Let’s take a look at a hypothetical scenario that may or may not reflect reality:

City Airline flies a route from A to B and B to C (let’s assume they don’t have an A to C direct route for his scenario, but the competition does, in fact C is one of their major hubs whereas B is City Airline’s major hub).

Let us say that in the case of City Airline:

1) They operate the same 100-passenger jet for both legs.
2) To break even on the A to B flight it needs to sell 80 seats at a rate of $400 per seat.
3) To break even on the B to C flight it, conveniently enough, also needs to sell 80 seats at $400 per seat.
4) A to B takes 2 hours
5) B to C takes 2 hours
6) The layover at B takes 1 hour
7) The competition offers a non-stop 3 hour flight from A to C at a mere $500 (no one said that B was along a great circle/shortest distance route between A and C)

Supposing City Airline on average sells 85 seats per flight at the A to B or B to C rate. Sometimes they sell a little under 80 and sometimes they sell out, but on average they break even and then some. If they weren’t able to average 80+ seats per flight they’d cancel the route altogether and go out of business, but since they are able to exceed their break even point on average, they keep the route open and obviously they can’t cancel every flight that doesn’t quite make 80 seats: that would really piss a lot of customers off (even more so than flying normally does) and people would go to a more reliable airline, so some flights do operate at a loss.

Anyways, the A to B and B to C rates needed to break even aren’t just paying for fuel, they’re paying for maintenance, flight crew salary, insurance, and other things that are fixed costs with each flight and don’t vary with the number of passengers like fuel does. Since they’re able to break even off the one-leg fares and have some extra space, is there any reason not to go ahead and offer an A to C via B route? I mean, sure, no one in their right mind would pay $800 to g from A to C via B when the competition offers a direct flight for $300 less, but what if we cut the cost? Since City Airlines already makes its money back on average, the lower limit for the fare is the price of the fuel and any other per-passengers costs: the flight crew, maintenance, and other fixed costs have already been accounted for. Turns out fuel from A to C via B only costs… $300! That means City Airline can now offer a competing service from A to C at, say, $350, which a lot of people may choose not to take because it takes almost twice as long as the competition’s direct flight, but it does come in at $150 less and still generates some additional profit. It’s really win/win, right? People who aren’t pressed for time get a cheaper fare and City Airline makes a little bit more profit. Only about 5 to 10 people on average fly this route, but since there's 15 seats open on average, it works out well enough.

But next thing you know, people figure out you can book at ticket from A to C via B cheaper than an A to B flight, suddenly a third of the A to B decided they don’t want to pay for the “overpriced” one-leg A to B tickets and instead buy the A to C via B tickets but get off at B, and suddenly the airline finds that the A to B route is no longer breaking even because on average only 40 passengers are paying the A to B fare, and ~40 to 50 per flight are paying the A to C via B fare, and the airline is now operating along A-B-C at a loss!

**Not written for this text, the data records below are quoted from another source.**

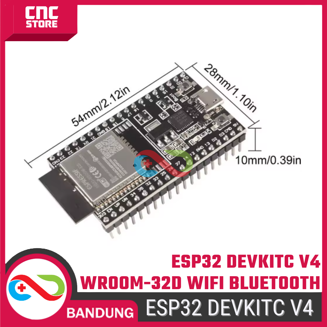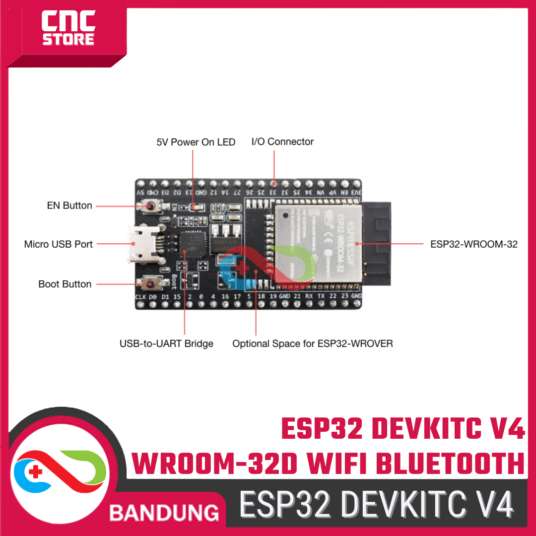 ESP32 DEVKITC V4 WROOM-32D adalah board pengembangan resmi berbasis chip ESP-WROOM-32D, yang sudah dilengkapi WiFi + Bluetooth dan prosesor dual-core.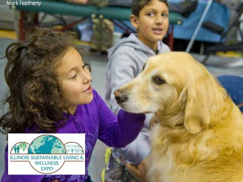 A girl smiling at a dog at the Illinois Sustainable Living and Wellness Expo.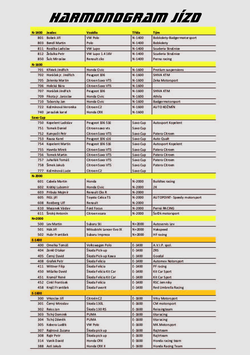 Program k závodu - 1 strana , 2 strana, 3 strana, 4 strana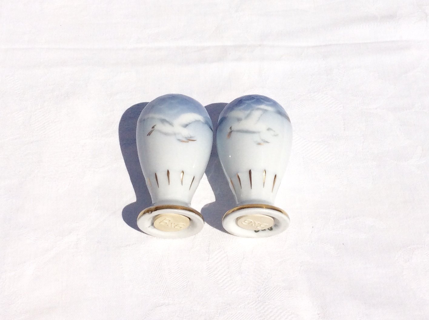 Bing & Grondahl, Seagull with gold, Salt and pepper gays # B & G, 8cm high, Design Fanny Garde * Nice condition *
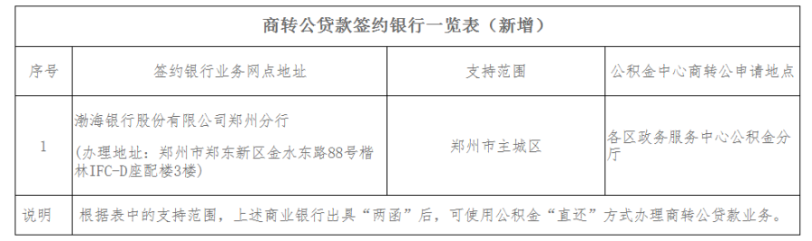 3月27日,郑州住房公积金管理中心发布通知,新增渤海银行股份有限公司郑州分行为“商转公贷款”直还方式签约银行,截至目前,郑州商转公贷款签约银行增至67家。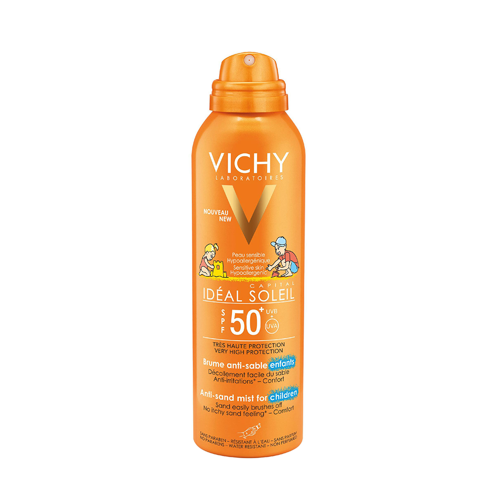 Солнцезащитное средство Vichy Capital Soleil Brume Anti-sable enfants SPF 50+ надёжно защищает нежную кожу детей от негативного воздействия ультрафиолета. Благодаря инновационной текстуре - эффект анти-песок - снижается риск раздражения кожи от контакта с песком. Все посторонние частицы легко удаляются с поверхности кожи. Виши Капитал Идеал Солей Спрей-вуаль детский Антипесок SPF 50+ легко и приятно использовать - быстро впитывается, не оставляет белых следов. Отсутствие в составе ароматизаторов значительно повышает переносимость средства.

So, in this example, wherein did City Airline operate unethically and what is City Airline to do now that the A to B leg has ceased turning a profit, keeping in mind that:

1) If the fares for A to B are increased it will only exacerbate the problem.
2) If the fares from A to C via B are increased, the airline might as well not offer that option altogether because market research (hypothetically) suggests $150 savings is about what it takes to get someone to put up with the longer itinerary and stop at B and that any increase in price for the A to C via B itinerary will see a drastic reduction in its customer base because anyone who really wants to get from A to C will almost certainly just pay the $500 for the direct flight on the competition’s airline, in which case City Airline will lose the little bit extra it was getting over the cost of fuel (ie: it will still lose money).
3) If the fares for B to C are raised, well, that doesn’t seem very fair, does it? Assuming they have a monopoly on B to C it might work, but in the real world they certainly don’t.

Really, the only palatable option that doesn’t inherently result in a loss of profit is to take a hard line on fare jumpers and, if it turns out the law will allow it, any third parties that might be facilitating said fare jumping.

TLDR: It’s all very complex. Hopefully I’ve at least gotten that point across.

ETA: And I suppose "fare jumper" isn't the right term. Itinerary jumpers maybe?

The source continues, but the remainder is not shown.